> **Exercise**: Copying exactly, give the lines in the material below from the one with "A Buggy a klasszikus" to the one with "Külön bejáratú lakrészek: 2", ends included, and nothing besides.

> **Task data**:
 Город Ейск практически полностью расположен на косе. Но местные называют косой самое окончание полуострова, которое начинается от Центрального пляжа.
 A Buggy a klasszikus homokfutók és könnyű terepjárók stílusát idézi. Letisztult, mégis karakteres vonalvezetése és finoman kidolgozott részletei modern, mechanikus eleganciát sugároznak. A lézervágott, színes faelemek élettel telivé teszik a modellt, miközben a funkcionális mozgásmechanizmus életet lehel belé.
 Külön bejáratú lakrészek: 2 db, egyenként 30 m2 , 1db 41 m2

...

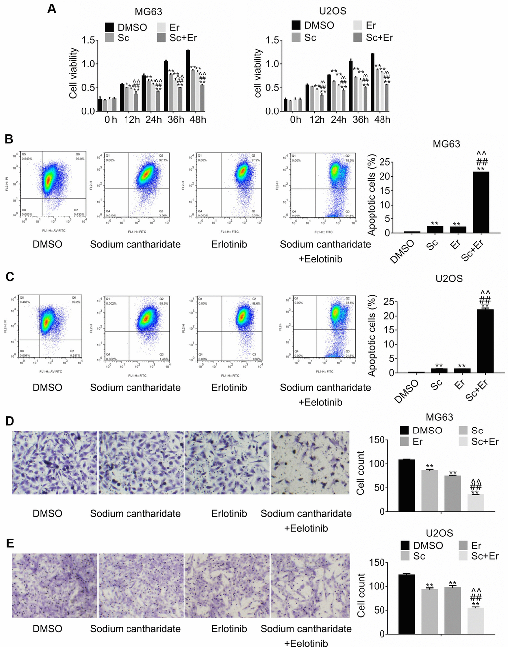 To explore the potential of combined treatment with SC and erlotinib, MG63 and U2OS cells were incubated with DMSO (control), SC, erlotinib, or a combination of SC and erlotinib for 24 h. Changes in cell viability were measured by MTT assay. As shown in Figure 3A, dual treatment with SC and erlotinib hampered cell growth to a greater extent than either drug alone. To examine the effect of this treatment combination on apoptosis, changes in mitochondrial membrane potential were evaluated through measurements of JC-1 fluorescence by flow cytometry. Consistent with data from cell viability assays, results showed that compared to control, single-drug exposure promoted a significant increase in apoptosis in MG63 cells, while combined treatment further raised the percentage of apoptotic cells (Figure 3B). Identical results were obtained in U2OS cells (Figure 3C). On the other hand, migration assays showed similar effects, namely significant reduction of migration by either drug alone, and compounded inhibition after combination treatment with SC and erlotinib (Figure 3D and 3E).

> **Solution to the exercise**:
 A Buggy a klasszikus homokfutók és könnyű terepjárók stílusát idézi. Letisztult, mégis karakteres vonalvezetése és finoman kidolgozott részletei modern, mechanikus eleganciát sugároznak. A lézervágott, színes faelemek élettel telivé teszik a modellt, miközben a funkcionális mozgásmechanizmus életet lehel belé.
 Külön bejáratú lakrészek: 2 db, egyenként 30 m2 , 1db 41 m2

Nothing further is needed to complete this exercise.